11. device according to claim 5, wherein, described the first contact surface is shaped as triangle, the second contact surface Be shaped as triangle.

12. device according to claim 6, wherein, described the first contact surface is shaped as triangle, the second contact surface Be shaped as triangle.

13. device according to claim 7, wherein, described the first contact surface is shaped as triangle, the second contact surface Be shaped as triangle.

14. device according to claim 8, wherein, described the first contact surface is shaped as triangle, the second contact surface Be shaped as triangle.

15. device according to claim 1, wherein, testing element carrier is located in the chamber of holding element；Wherein, it is affectedly bashful Portion, shape of the opening with identical cross section of holding element, cross section is square, ellipse, rectangle, rhombus, five sides A kind of shape in shape, triangle, hexagon, heptagon.

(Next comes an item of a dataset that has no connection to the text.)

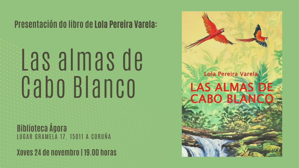 A escritora, docente, conferenciante e ecoloxista Lola Pereira presenta na Biblioteca Ágora o seu novo libro, "Las almas de Cabo Blanco", a historia de como Costa Rica foise convertendo no país ecoloxista que é hoxe e, sobre todo, a historia de Nicolas e de Karen, que loitaron ata o día da súa morte polo ideal do mundo sostible.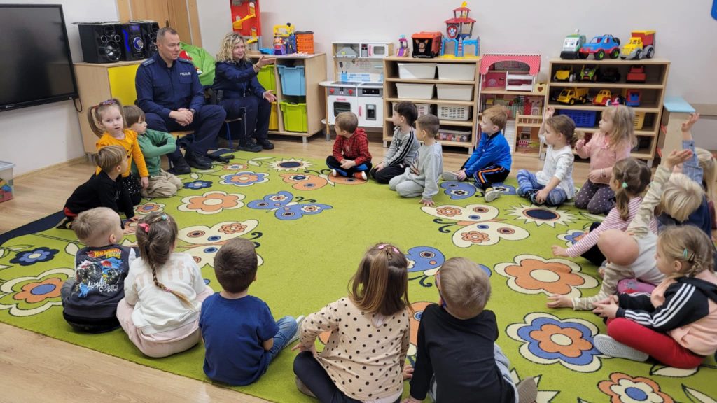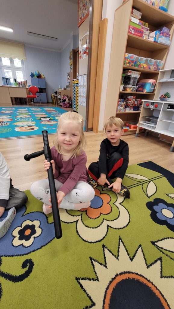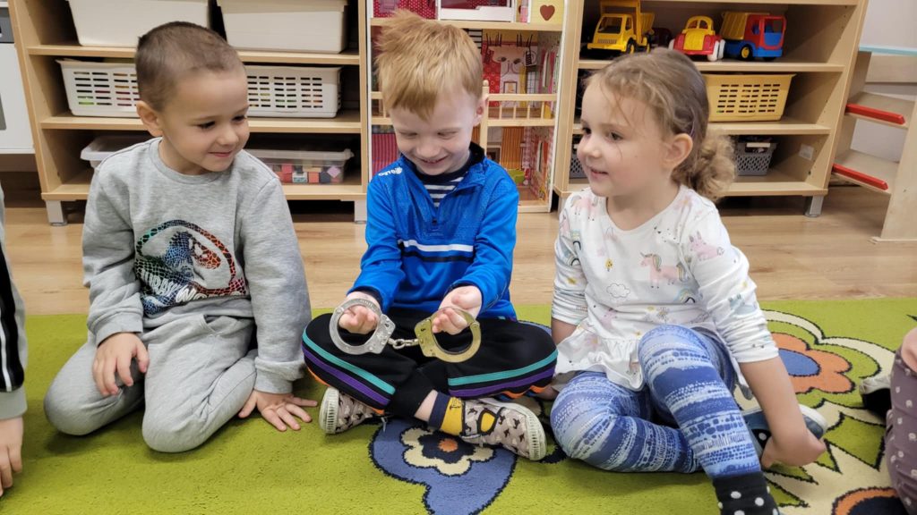 Do naszej grupy zawitali Policjanci z I Komisariatu. Państwo policjanci przypomnieli podstawowe zasady zachowania się podczas przechodzenia przez jezdnię. Następnie wytłumaczyli, jak należy zachować się w kontaktach z obcymi osobami, jak dbać o bezpieczeństwo własne oraz do kogo zwracać się o pomoc w sytuacjach zagrożenia.

16. a kind of device for detecting fluid analyte in sample matter, it is characterised in that the device includes：

Fluid sample gathering element, wherein, fluid sample gathering element includes absorbing the absorber element of fluid sample and is affectedly bashful portion, And connection absorber element and the connecting rod for being affectedly bashful portion；

Testing element carrier, wherein, testing element carrier includes for the body of bearing test element and absorbs member for housing The host cavity of part, wherein, body and host cavity are integrated the structure of injection molding；

Holding element containing chamber, wherein, the chamber of holding element is surrounded by the edge of opening and opening, and side wall；

Wherein, holding element includes the structure for allowing it to stand；The structure of described standing includes standing structure and tilted to stand Vertical structure；Described standing structure and inclination standing structure includes the contact surface contacted with supporting surface；

Wherein, standing structure includes allowing the second contact surface of holding element standing, and tilting standing structure includes allowing guarantor The first contact surface of organs incline standing is held, the first contact surface and the second contact surface be not in approximately the same plane；

Wherein, the angle of the first described contact surface and the second contact surface one acute angle of formation.